Transcribe the records below from the first line to the line that includes "- 6. Heat a", inclusive, and omit the pictures.

Stored items:
_ _ _ _ _

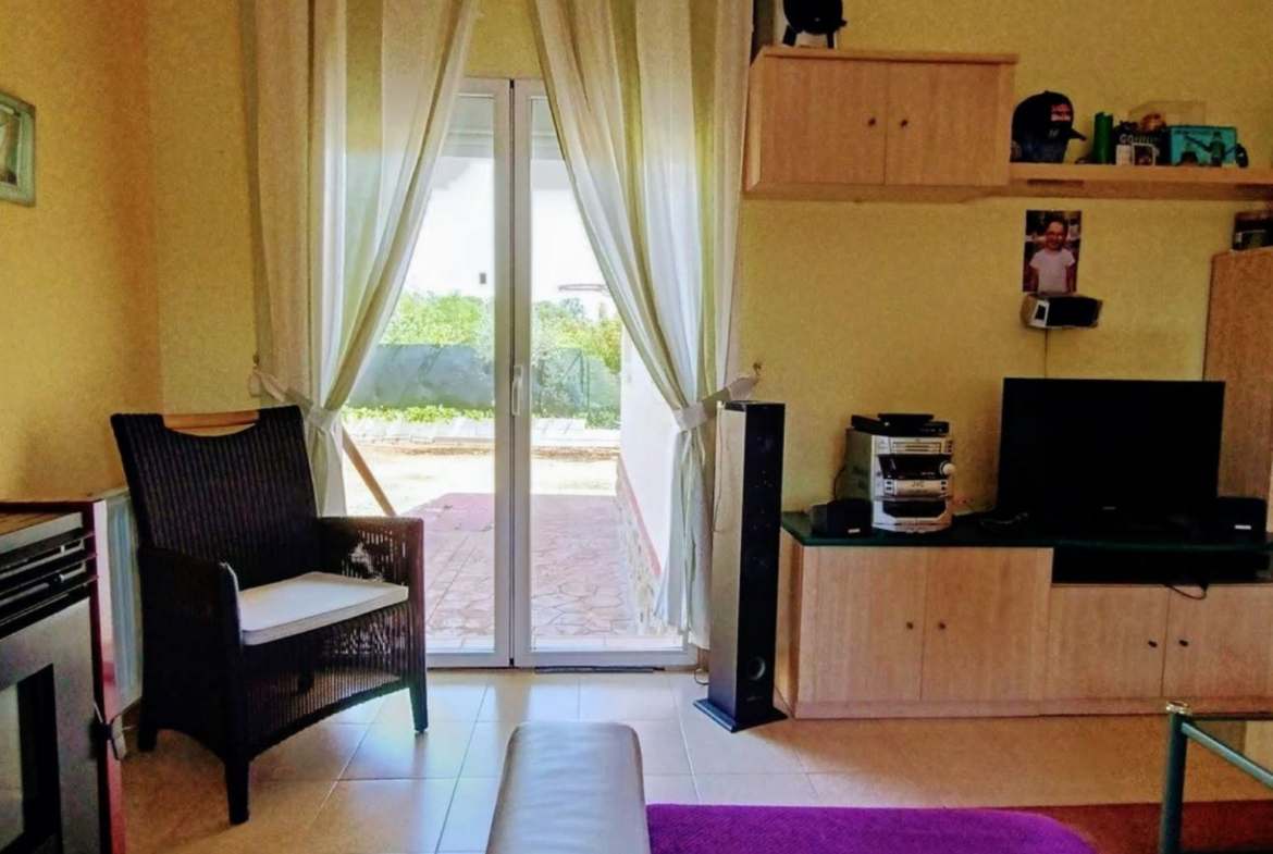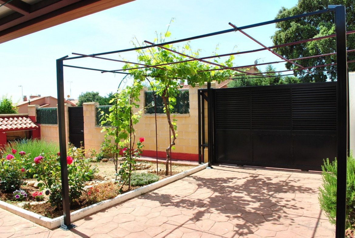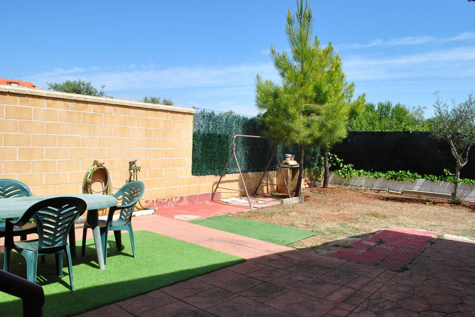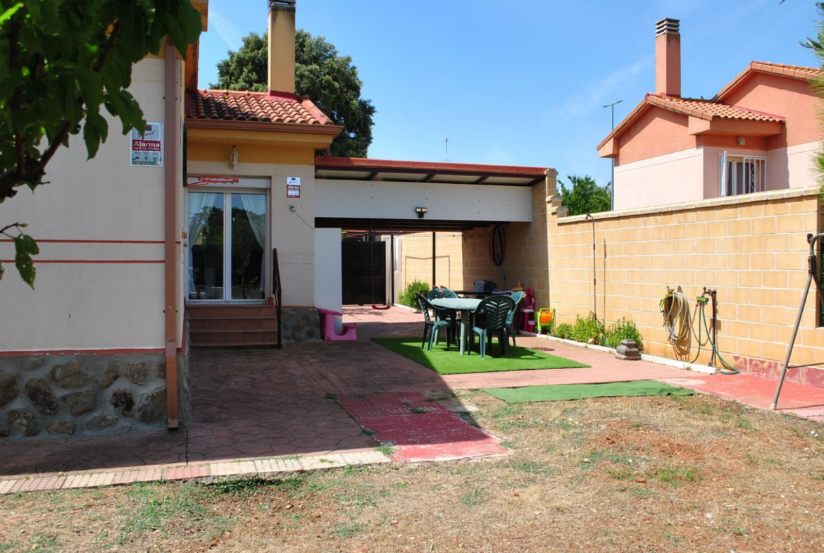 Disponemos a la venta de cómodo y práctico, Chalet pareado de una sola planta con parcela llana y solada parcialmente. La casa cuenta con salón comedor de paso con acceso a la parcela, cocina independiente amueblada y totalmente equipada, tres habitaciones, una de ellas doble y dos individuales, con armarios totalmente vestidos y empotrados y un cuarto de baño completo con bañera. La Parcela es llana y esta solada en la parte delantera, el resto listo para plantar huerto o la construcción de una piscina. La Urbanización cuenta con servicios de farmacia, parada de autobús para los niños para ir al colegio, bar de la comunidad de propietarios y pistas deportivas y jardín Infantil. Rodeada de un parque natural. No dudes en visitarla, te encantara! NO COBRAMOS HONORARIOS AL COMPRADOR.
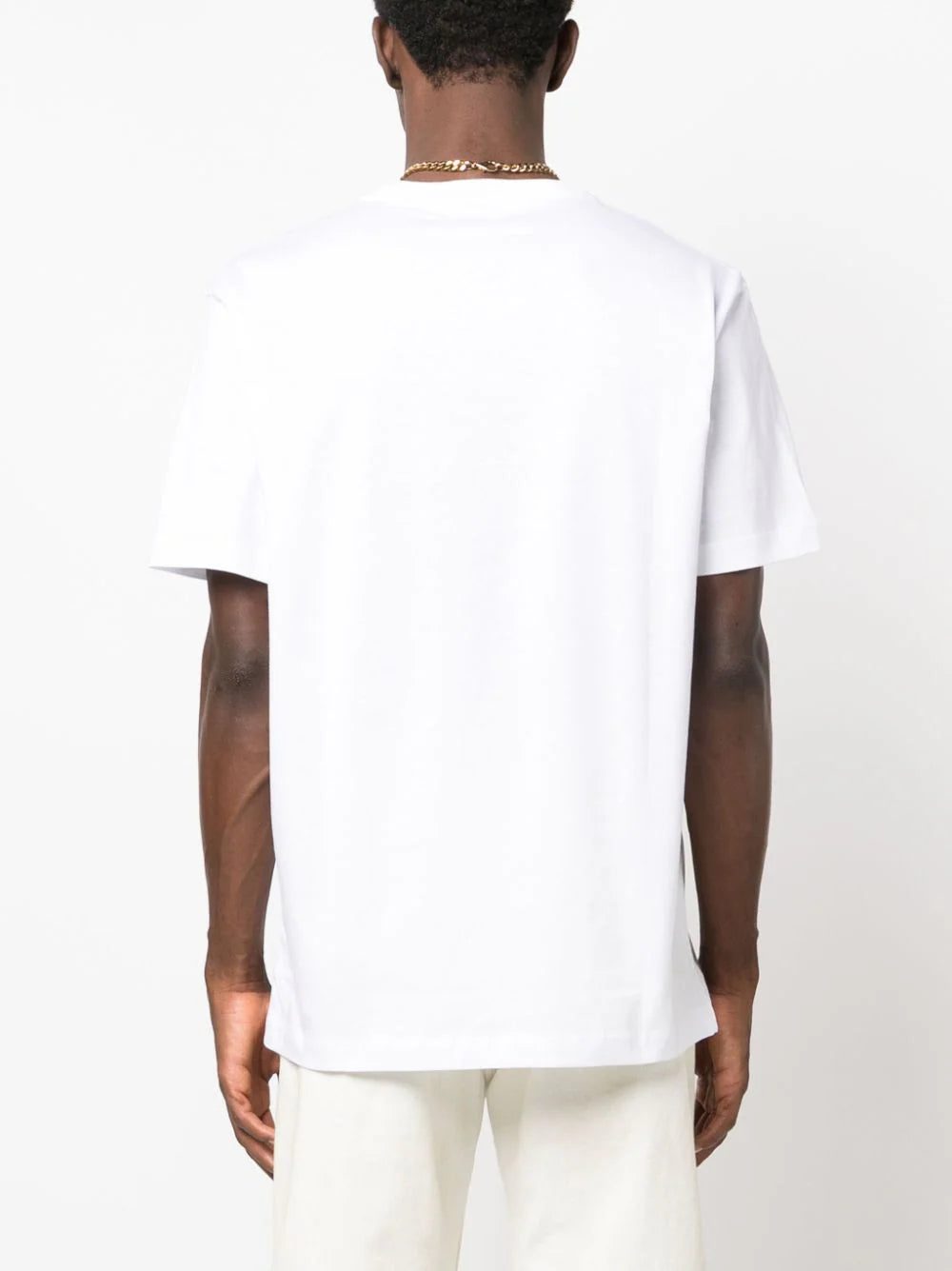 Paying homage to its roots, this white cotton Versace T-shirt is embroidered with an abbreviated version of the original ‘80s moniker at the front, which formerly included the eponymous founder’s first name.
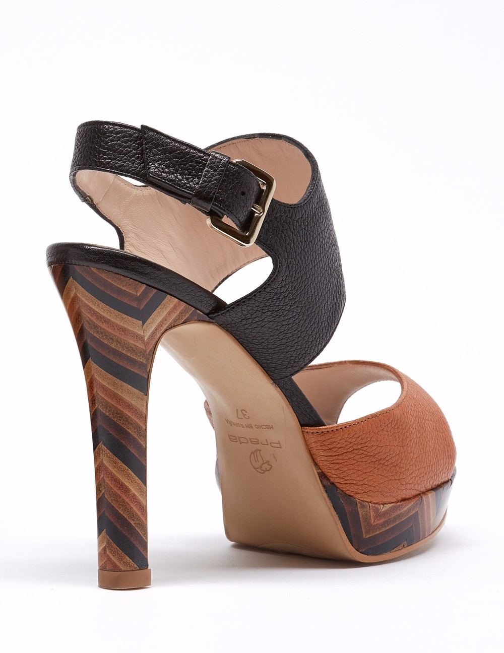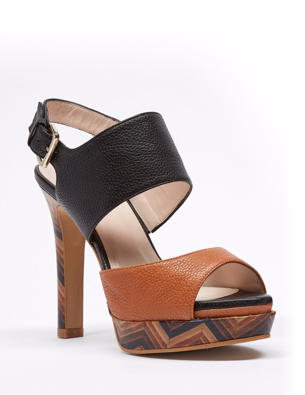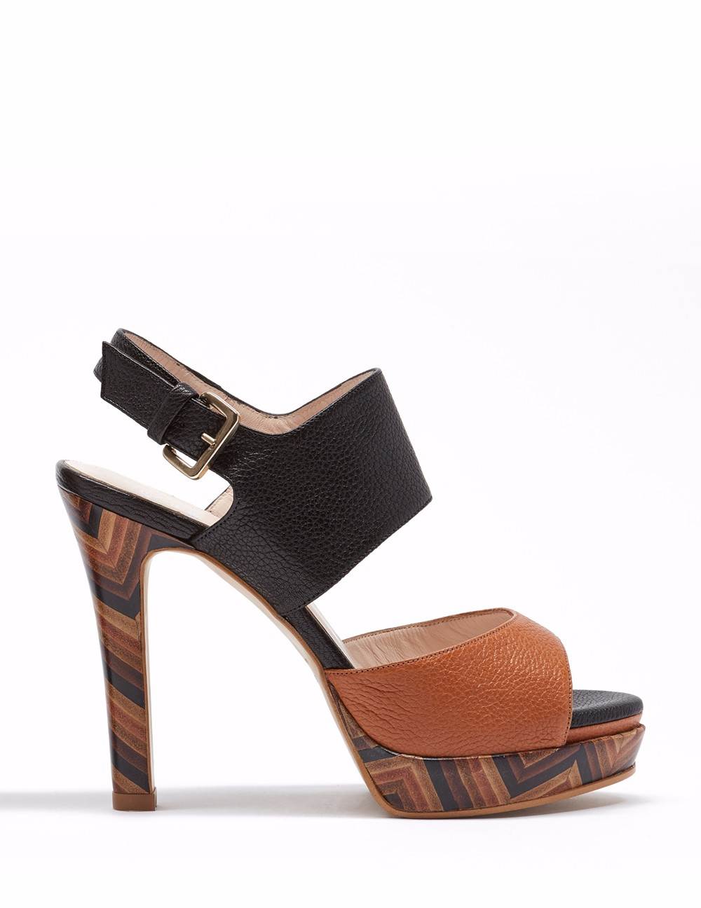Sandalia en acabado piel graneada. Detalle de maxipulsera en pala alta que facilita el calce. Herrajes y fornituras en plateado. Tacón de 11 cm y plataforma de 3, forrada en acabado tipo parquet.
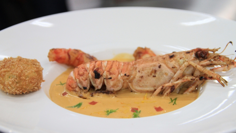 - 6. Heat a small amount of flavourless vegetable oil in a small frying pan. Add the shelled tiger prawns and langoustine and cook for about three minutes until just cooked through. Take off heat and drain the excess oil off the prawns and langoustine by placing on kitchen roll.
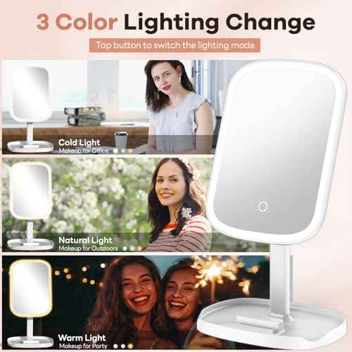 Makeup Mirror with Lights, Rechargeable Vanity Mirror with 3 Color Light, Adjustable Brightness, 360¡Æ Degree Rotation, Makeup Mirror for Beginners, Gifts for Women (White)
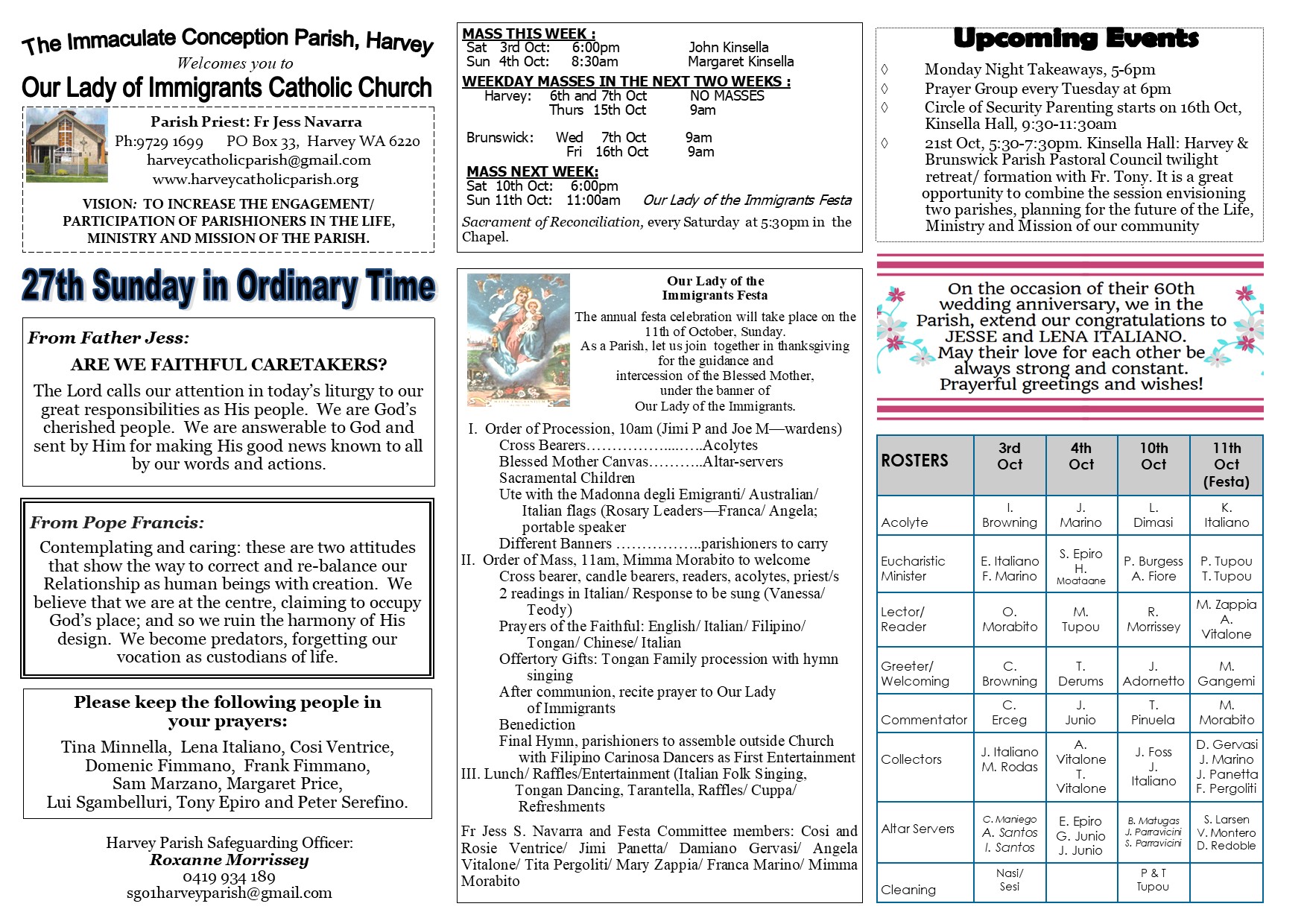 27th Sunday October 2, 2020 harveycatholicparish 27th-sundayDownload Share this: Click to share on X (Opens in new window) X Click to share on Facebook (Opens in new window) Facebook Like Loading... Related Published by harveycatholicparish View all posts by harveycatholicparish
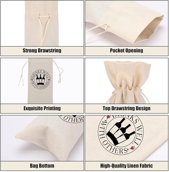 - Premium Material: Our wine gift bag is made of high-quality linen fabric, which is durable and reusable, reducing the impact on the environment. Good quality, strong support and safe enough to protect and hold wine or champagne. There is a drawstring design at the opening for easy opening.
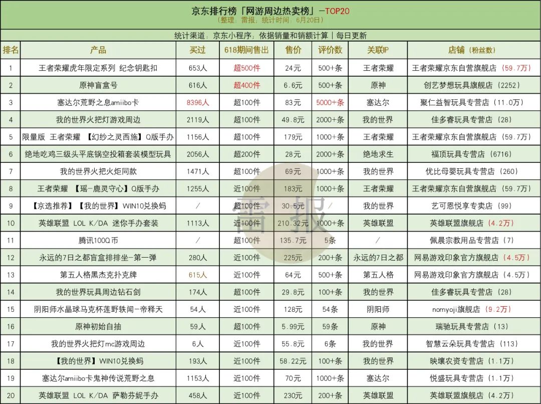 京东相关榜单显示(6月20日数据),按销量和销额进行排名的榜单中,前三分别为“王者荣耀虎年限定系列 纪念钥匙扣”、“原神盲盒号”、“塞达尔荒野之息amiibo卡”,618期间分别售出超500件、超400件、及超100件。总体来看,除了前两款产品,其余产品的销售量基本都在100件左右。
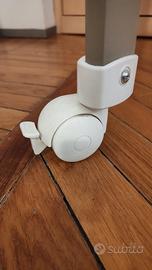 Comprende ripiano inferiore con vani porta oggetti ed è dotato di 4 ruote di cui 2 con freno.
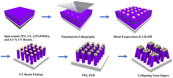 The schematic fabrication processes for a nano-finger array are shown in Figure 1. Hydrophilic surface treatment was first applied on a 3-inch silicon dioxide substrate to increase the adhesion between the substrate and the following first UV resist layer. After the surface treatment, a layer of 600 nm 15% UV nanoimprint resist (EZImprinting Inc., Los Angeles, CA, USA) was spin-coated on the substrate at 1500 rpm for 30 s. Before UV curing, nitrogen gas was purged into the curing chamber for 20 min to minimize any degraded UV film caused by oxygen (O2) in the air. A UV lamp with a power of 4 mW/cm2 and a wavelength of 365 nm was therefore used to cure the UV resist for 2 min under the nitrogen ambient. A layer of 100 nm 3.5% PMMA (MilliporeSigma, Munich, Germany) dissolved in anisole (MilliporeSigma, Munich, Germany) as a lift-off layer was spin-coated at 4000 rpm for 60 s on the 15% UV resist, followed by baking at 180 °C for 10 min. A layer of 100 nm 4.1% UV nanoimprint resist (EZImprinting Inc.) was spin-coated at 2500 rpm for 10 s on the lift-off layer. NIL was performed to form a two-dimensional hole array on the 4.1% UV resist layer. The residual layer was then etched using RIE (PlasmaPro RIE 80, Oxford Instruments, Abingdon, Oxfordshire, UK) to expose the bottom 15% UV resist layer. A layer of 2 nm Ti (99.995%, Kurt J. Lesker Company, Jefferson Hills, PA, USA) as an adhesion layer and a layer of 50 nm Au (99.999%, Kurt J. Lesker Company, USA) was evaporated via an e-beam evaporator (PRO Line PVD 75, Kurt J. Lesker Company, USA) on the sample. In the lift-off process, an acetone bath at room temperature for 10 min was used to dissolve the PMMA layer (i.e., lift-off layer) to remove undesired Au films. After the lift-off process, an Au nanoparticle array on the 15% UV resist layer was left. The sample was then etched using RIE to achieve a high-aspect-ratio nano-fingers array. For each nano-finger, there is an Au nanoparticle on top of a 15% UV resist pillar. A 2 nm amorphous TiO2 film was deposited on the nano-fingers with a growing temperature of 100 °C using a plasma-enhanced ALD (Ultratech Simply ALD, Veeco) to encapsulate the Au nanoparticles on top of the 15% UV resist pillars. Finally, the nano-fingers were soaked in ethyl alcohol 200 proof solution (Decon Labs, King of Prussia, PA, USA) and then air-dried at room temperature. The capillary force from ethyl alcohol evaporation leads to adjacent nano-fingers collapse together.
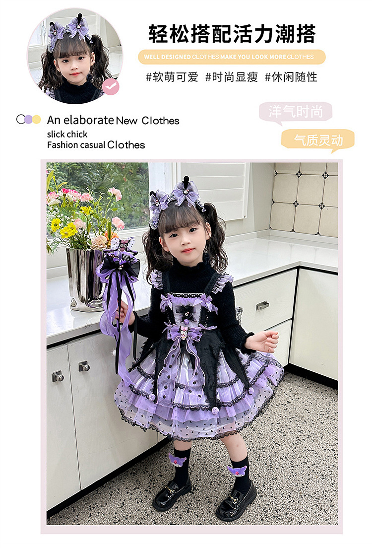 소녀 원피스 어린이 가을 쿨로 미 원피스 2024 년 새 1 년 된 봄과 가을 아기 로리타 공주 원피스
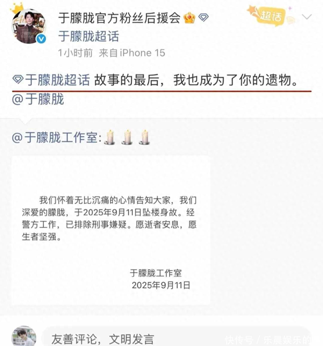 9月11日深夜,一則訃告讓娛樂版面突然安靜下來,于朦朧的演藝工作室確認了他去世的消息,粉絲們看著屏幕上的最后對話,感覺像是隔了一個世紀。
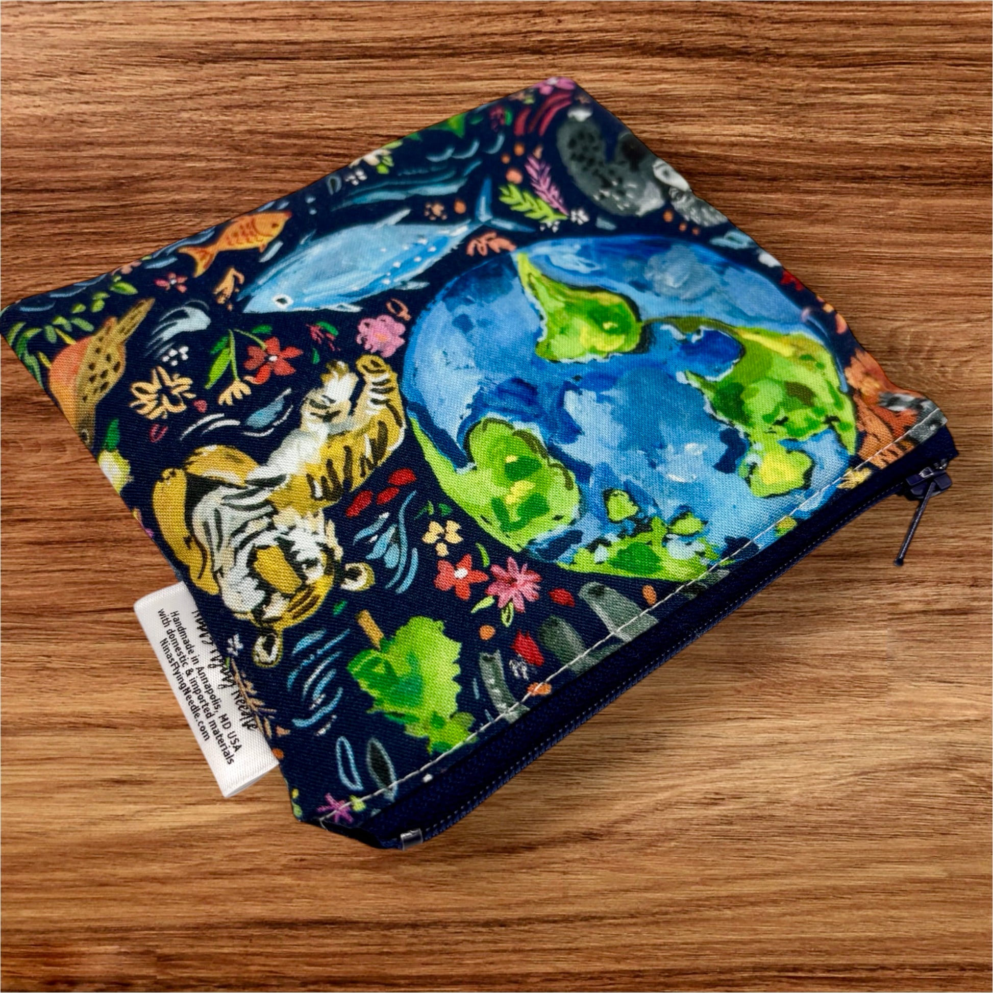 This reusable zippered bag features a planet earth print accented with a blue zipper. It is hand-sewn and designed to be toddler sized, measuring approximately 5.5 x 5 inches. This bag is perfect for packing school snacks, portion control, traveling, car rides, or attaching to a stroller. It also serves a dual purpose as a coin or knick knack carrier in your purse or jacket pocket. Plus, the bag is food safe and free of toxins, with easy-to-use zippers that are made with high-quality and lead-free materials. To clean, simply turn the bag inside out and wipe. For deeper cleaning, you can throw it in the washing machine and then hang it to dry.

_ _ _ _ _

■ Written response:
 Disponemos a la venta de cómodo y práctico, Chalet pareado de una sola planta con parcela llana y solada parcialmente. La casa cuenta con salón comedor de paso con acceso a la parcela, cocina independiente amueblada y totalmente equipada, tres habitaciones, una de ellas doble y dos individuales, con armarios totalmente vestidos y empotrados y un cuarto de baño completo con bañera. La Parcela es llana y esta solada en la parte delantera, el resto listo para plantar huerto o la construcción de una piscina. La Urbanización cuenta con servicios de farmacia, parada de autobús para los niños para ir al colegio, bar de la comunidad de propietarios y pistas deportivas y jardín Infantil. Rodeada de un parque natural. No dudes en visitarla, te encantara! NO COBRAMOS HONORARIOS AL COMPRADOR.
 Paying homage to its roots, this white cotton Versace T-shirt is embroidered with an abbreviated version of the original ‘80s moniker at the front, which formerly included the eponymous founder’s first name.
Sandalia en acabado piel graneada. Detalle de maxipulsera en pala alta que facilita el calce. Herrajes y fornituras en plateado. Tacón de 11 cm y plataforma de 3, forrada en acabado tipo parquet.
 - 6. Heat a small amount of flavourless vegetable oil in a small frying pan. Add the shelled tiger prawns and langoustine and cook for about three minutes until just cooked through. Take off heat and drain the excess oil off the prawns and langoustine by placing on kitchen roll.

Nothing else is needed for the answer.